● Action item
What you return should be the lines from the one with "Visionär ist auch" through the one with "1. Многофункциональное: через" in the data below, reproduced exactly with both ends, and no pictures at all.

● Records for this task
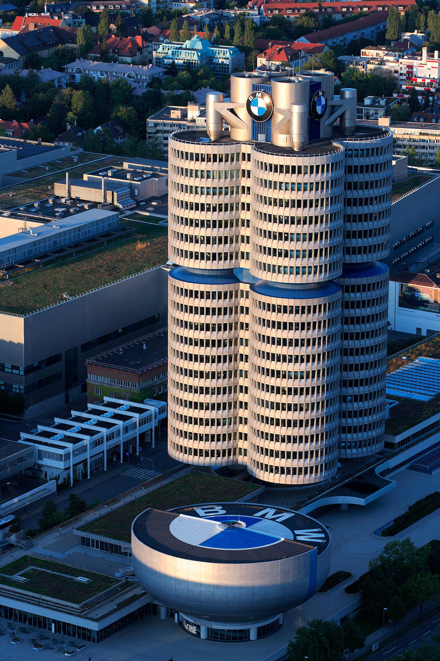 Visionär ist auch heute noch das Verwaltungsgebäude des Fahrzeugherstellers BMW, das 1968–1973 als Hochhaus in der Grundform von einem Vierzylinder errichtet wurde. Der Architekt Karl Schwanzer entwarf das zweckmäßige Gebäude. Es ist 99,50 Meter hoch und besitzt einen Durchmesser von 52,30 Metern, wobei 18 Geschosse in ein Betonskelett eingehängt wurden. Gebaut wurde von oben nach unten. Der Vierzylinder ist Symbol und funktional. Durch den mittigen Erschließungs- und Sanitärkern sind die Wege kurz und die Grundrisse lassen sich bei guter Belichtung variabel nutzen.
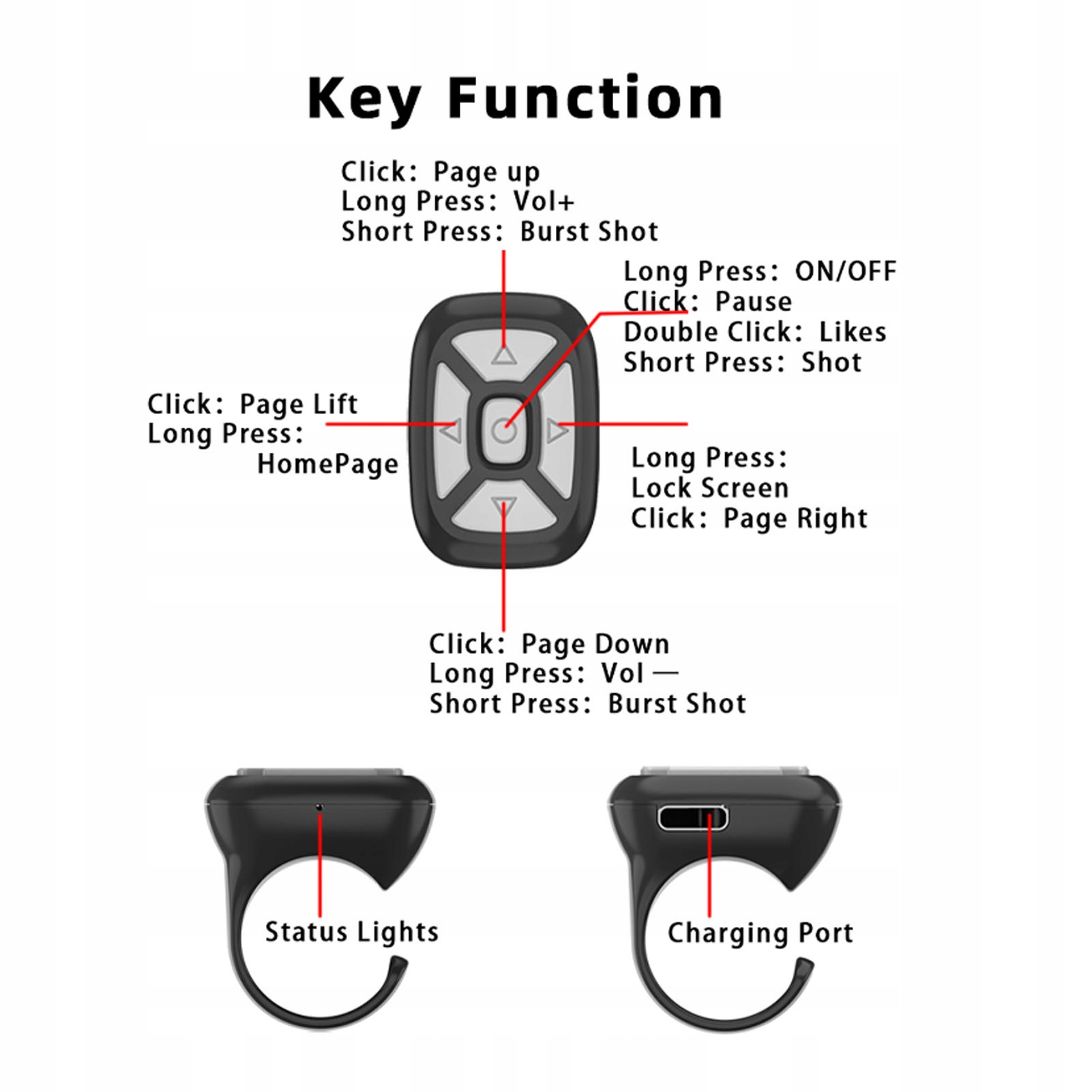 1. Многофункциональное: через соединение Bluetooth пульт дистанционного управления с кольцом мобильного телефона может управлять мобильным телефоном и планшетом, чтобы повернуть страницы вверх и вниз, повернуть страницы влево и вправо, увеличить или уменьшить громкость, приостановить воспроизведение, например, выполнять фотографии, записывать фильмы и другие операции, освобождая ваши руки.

==

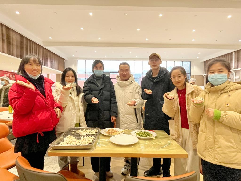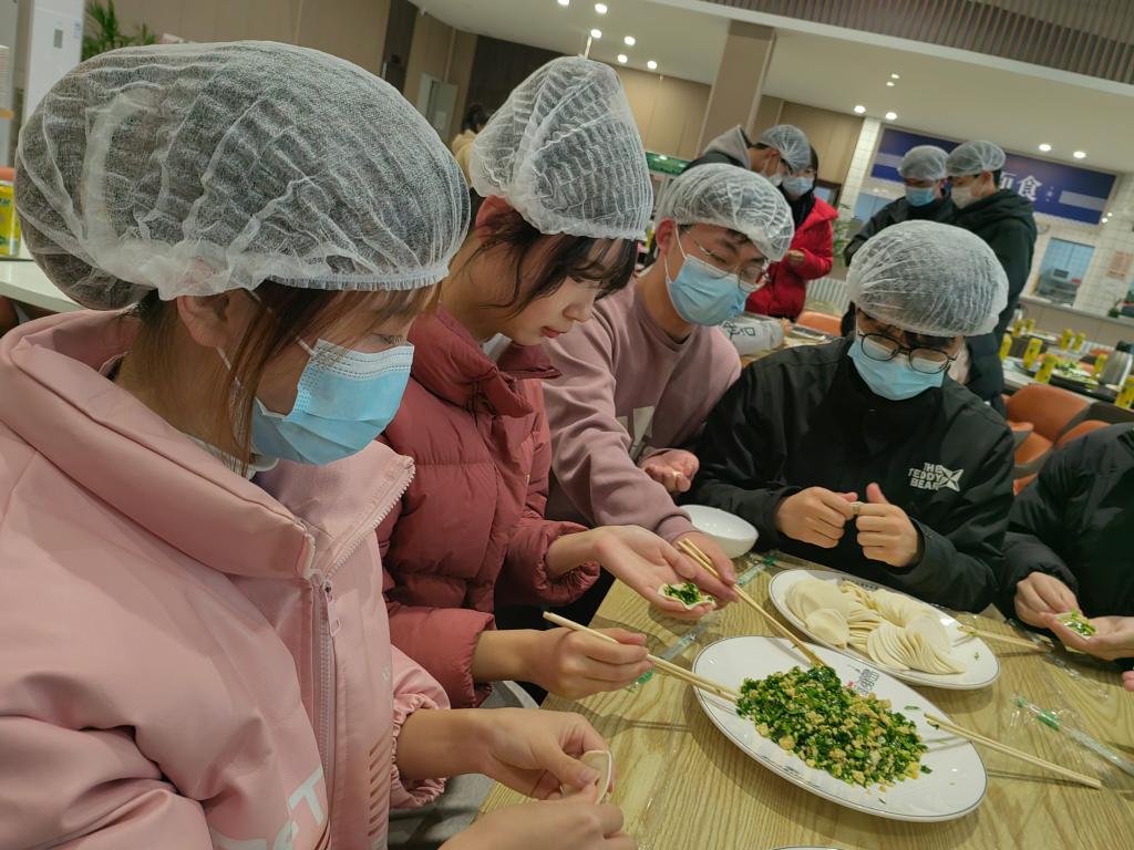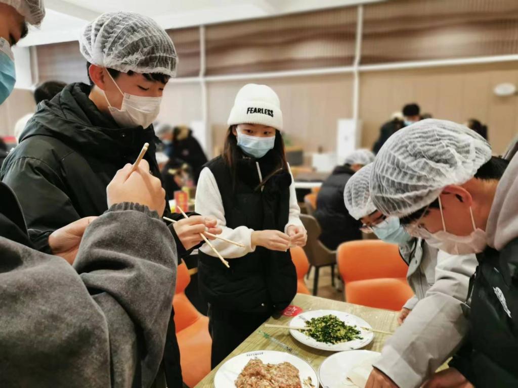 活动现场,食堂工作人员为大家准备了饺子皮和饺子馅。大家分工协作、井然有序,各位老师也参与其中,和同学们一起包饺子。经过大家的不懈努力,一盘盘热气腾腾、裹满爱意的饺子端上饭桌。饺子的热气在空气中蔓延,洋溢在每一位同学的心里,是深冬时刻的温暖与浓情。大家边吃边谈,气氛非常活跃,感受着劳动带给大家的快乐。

---

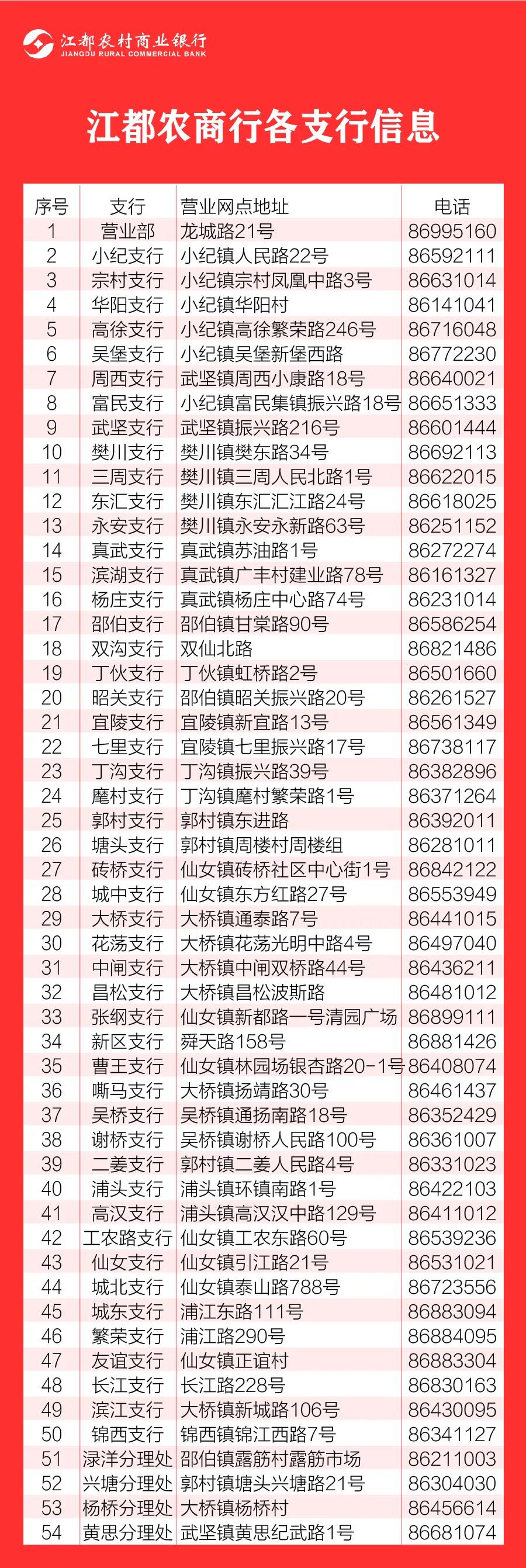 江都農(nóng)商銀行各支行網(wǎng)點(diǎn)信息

● Answer box
 Visionär ist auch heute noch das Verwaltungsgebäude des Fahrzeugherstellers BMW, das 1968–1973 als Hochhaus in der Grundform von einem Vierzylinder errichtet wurde. Der Architekt Karl Schwanzer entwarf das zweckmäßige Gebäude. Es ist 99,50 Meter hoch und besitzt einen Durchmesser von 52,30 Metern, wobei 18 Geschosse in ein Betonskelett eingehängt wurden. Gebaut wurde von oben nach unten. Der Vierzylinder ist Symbol und funktional. Durch den mittigen Erschließungs- und Sanitärkern sind die Wege kurz und die Grundrisse lassen sich bei guter Belichtung variabel nutzen.
 1. Многофункциональное: через соединение Bluetooth пульт дистанционного управления с кольцом мобильного телефона может управлять мобильным телефоном и планшетом, чтобы повернуть страницы вверх и вниз, повернуть страницы влево и вправо, увеличить или уменьшить громкость, приостановить воспроизведение, например, выполнять фотографии, записывать фильмы и другие операции, освобождая ваши руки.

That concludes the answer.